Adam J. Dewey/NurPhoto via AP
Militiamen and women listen to speeches at the annual Constitution Day/Second Amendment rally held at the Michigan State Capitol building in Lansing, Michigan, September 17, 2020.
The news that six Michigan militia members have been arrested for planning to kidnap Gretchen Whitmer, the state’s Democratic governor, whose COVID precautions upset manly Trumpians, caused me to flash back to a 1996 campaign event I was covering for the L.A. Weekly. I was spending the better part of a week on the trail with Pat Buchanan, the proto-Trumpian, Putin-loving nativist, racist, and paleo-fascist (during his boyhood, his family supported Franco’s overthrow of Spain’s elected government), who was running an inflammatory Republican primary campaign against Bob Dole for the party’s presidential nomination. As Goldwater heralded Reagan, so Buchanan heralded Trump.
The event that still stands in memory took place one afternoon in a venerable auditorium in Bay City, Michigan. Like all of Pat’s events, the attendees were not only all white but quite a number of them showed up in military fatigues, eager to show that they’d enlisted in Buchanan’s culture war. One fatigue-wearer was so eager to demonstrate his zeal that he stood at attention, in the front row of the auditorium’s balcony seats, for the entirety of Pat’s speech, behind the American flag that he’d draped over the railing.
And like all of Pat’s events, this one featured largely generic obscenities that some in the crowd hurled at the traveling press when we entered the hall.
Virtually no elected officials supported Buchanan’s candidacy, so the drill at Bay City, as at the other stops, was to have the campaign’s county chairman (they were invariably male) introduce the campaign’s state chairman (ditto), who’d proceed to introduce Pat. Such introductions were generally pro forma, but not the one in Bay City, where the county chairman had a gaunt, haunted look, much like a half-lit John Carradine in some 1940s horror movie. That impression grew stronger as he began to speak.

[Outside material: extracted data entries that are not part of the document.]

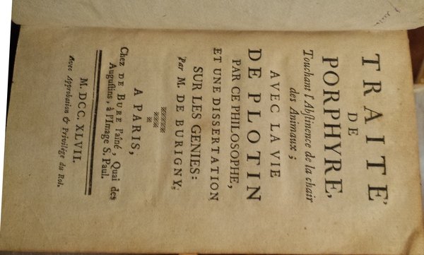 Traité de Porphyre, touchant l'abstinence de la chair des animaux; avec la Vie de Plotin par ce philosophe, et une dissertation sur les genies: par m. De Burigny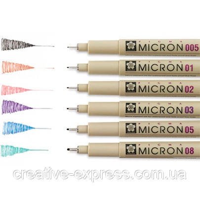 Лайнери PIGMA Micron від Sakura – професійні лайнери з микропигментним чорнилом. Водостійкі пігментні архівні чорнила на водній основі. Світлостійкі та стійкі до розтирання. Не протікають навіть через дуже тонкий папір, не засихають, на протязі декількох днів при відкритому ковпачку. Лайнери PIGMA Micron від Sakura ідеально підходять для скетчів, ілюстрацій, креслення, листи, записи в щоденниках, архівах, довідниках і т. д.. З лайнерами PIGMA Micron ви з легкістю можете малювати ідеально чіткі лінії однакової товщини, практично за будь-яким кутом.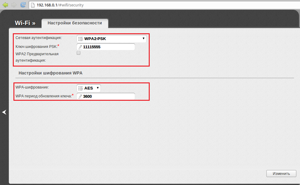 Открываем вкладку «Настройки безопасности», и изменяем сетевую аутентификацию с OPEN на WPA-PSK/WPA2-PSK mixed, в строке ключ шифрование вводим ключ безопасности сети (пароль от Wi-Fi сети) не менее 8-ми символов. Нажимаем Изменить и Сохранить в появившемся сверху окошке (если вы настраивали роутер по Wi-Fi сети, подключение вновь разорвется, нужно будет ввести тот 8-ми значный номер для подключения к Wi-Fi сети, который вы только, что вводили в поле «ключ шифрования»).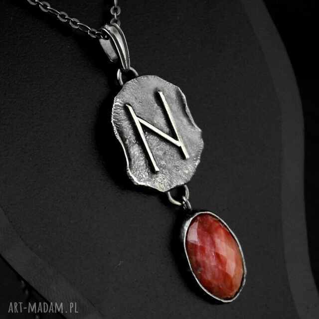 handmade runa hagalaz z różowym szafirem - oksydowany srebrny naszyjnik
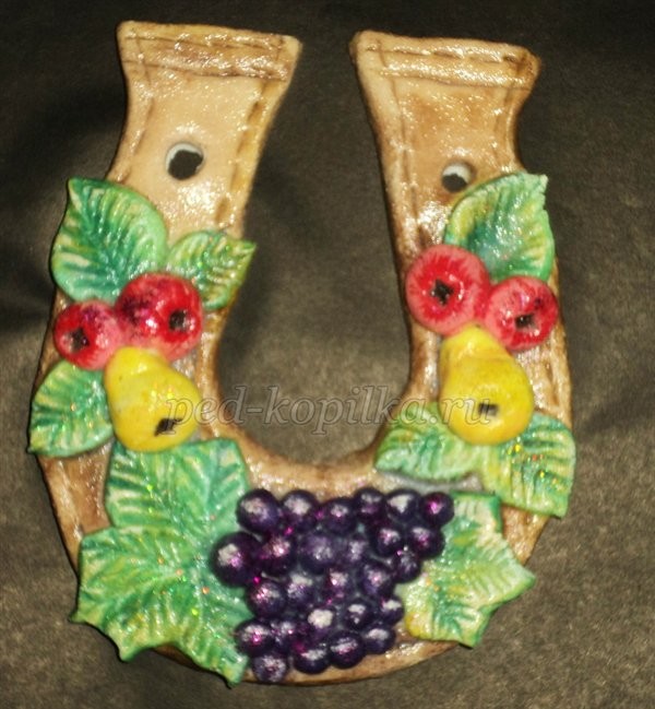 Подкова на стену: мастер-класс в технике wire wrap, часть 2 Подкова на стену: мастер-класс в технике wire wrap, часть 2 Автор Лена Серёжкина Теперь берем среднюю проволоку и начинаем сгибать надпись "на счастье". Это у меня так, но вы конечно же можете сделать любую другую или вообще заполнить всю подкову произвольными узорами. Несколько правил сгибания текста: прежде чем гнуть текст, надо четко понять его высоту и примерную длину (лучше написать и гнуть по эскизу), которые зависят от того места, куда вы его вписываете — у нас от ширины подковы. ... Добавить в закладкиНазначить теги Подкова на стену: мастер-класс в технике wire wrap, часть 1 Подкова на стену: мастер-класс в технике wire wrap, часть 1 Автор Лена Серёжкина Нам понадобятся: медная проволока — толстая 1,2-1,5 мм для основы (60 - 70 см длиной); медная проволока — средняя 0,8-1,1 мм для узоров и надписи (1 - 1,5 м длиной); медная проволока — тонкая 0,4мм для оплетения (1,5 - 2 м длиной); инструмент: круглогубцы, бокорезы, длинногубцы (гладкие пассатижи); молоток и наковальня. Можно нарисовать эскиз будущей подковы и работать по н... Добавить в закладкиНазначить теги Подкова из соленого теста своими руками: часть 2 Подкова из соленого теста своими руками: часть 2 Автор: Попова Екатерина Рафаиловна. 10. Отправляем изделие на просушку (можно поставить под батарею, т.к. в духовке изделие часто растрескивается). Подкову можно оформить и так Через пару дней аккуратно поддев ножом (как бы подрезая), перевернуть и высушить с другой стороны. Подкова толстая и сушится под батареей дней 5. 11. Высохшее изделие раскрашиваем. 12. Покрываем акриловым лаком – аккуратно, мягкой широкой кистью, что... Добавить в закладкиНазначить теги Подкова из соленого теста своими руками: часть 1 Подкова из соленого теста своими руками: часть 1 Автор: Попова Екатерина Рафаиловна. Рецепт теста 1 часть муки,1 часть соли (соль обязательно мелкая), клей ПВА – 1-1,5 столовые ложки, вода. Замешиваем крутое тесто, так чтобы не липло к рукам, но сохраняло пластичность (не трескалось). Материал для изготовления подковы Шаблон подковы из картона, дощечка для раскатывания теста, скалка, стека, нож, стакан с водой, кисточка мягкая. Для оформления Краски гуашевые и акварельные, кисточки – тонкая, ... Добавить в закладкиНазначить теги Подкова из кофейных зерен своими руками: часть 3 Подкова из кофейных зерен своими руками: часть 3 Автор: Столь Оксана Владимировна. Как только ткань высохла рисуем дубовый листок и вырезаем. Затем приклеиваем(клей «Титан») на листочке прожилки из шпагата Связываем наши желуди. Дубовый лист высох и стал очень жестким(я вынула проволоку, она мне не понадобилась) Оформляем наши подковы. Приклеиваем магниты на подкову Для подковы с желудями с изнаночной стороны приклеила веревочку из шпагата. Часть 1 https://www.diyideas.ru/50604-podkova-iz-kofe... Добавить в закладкиНазначить теги Подкова из кофейных зерен своими руками: часть 2 Подкова из кофейных зерен своими руками: часть 2 Автор: Столь Оксана Владимировна. Изготовление бантиков для украшения: Делаем все бантики из четырех «лепестков», немного прихватить нитками (сделала из тонкой тесьмы - красный и коричневый бант) Этот бантик в горошек сделан также, как и красный Сшиваем три бантика вместе и в серединку приклеиваем бусинку или кофейные зерна Изготовление желудей из кофейных зерен: Проколоть шилом капсулу от бахил и

“The problem is socialism,” he began—only, he said it in German. Then, he quickly translated it into English.
No one in the crowd blanched—the redder the meat, the better. Indeed, they whooped and hollered their approval, though there was one group, besides the press, that grew concerned. Buchanan’s traveling staff was a bunch of frat boys from right-wing colleges for whom such events had become so routine they had long since stopped paying any attention to what anyone was saying. The German introduction shook them up, however. Their heads swiveled, they rushed to consult one another, they furiously whispered into each other’s ears. What if that guy did a Heil-You-Know-Who salute? What if he led the crowd in a chorus of “Deutschland Uber Alles”? Did anyone have a hook to drag him offstage?
After a few more nerve-wracking minutes of ranting against the socialist threat—which Republican front-runner Dole obviously personified—the county chairman finally relinquished the stage. The frat boys heaved sighs of relief and went looking for whatever beer provisions were handy. The guy in the balcony remained at attention.
Which is one reason why today’s news of violent right-wing extremism in Michigan didn’t come as a total surprise to me.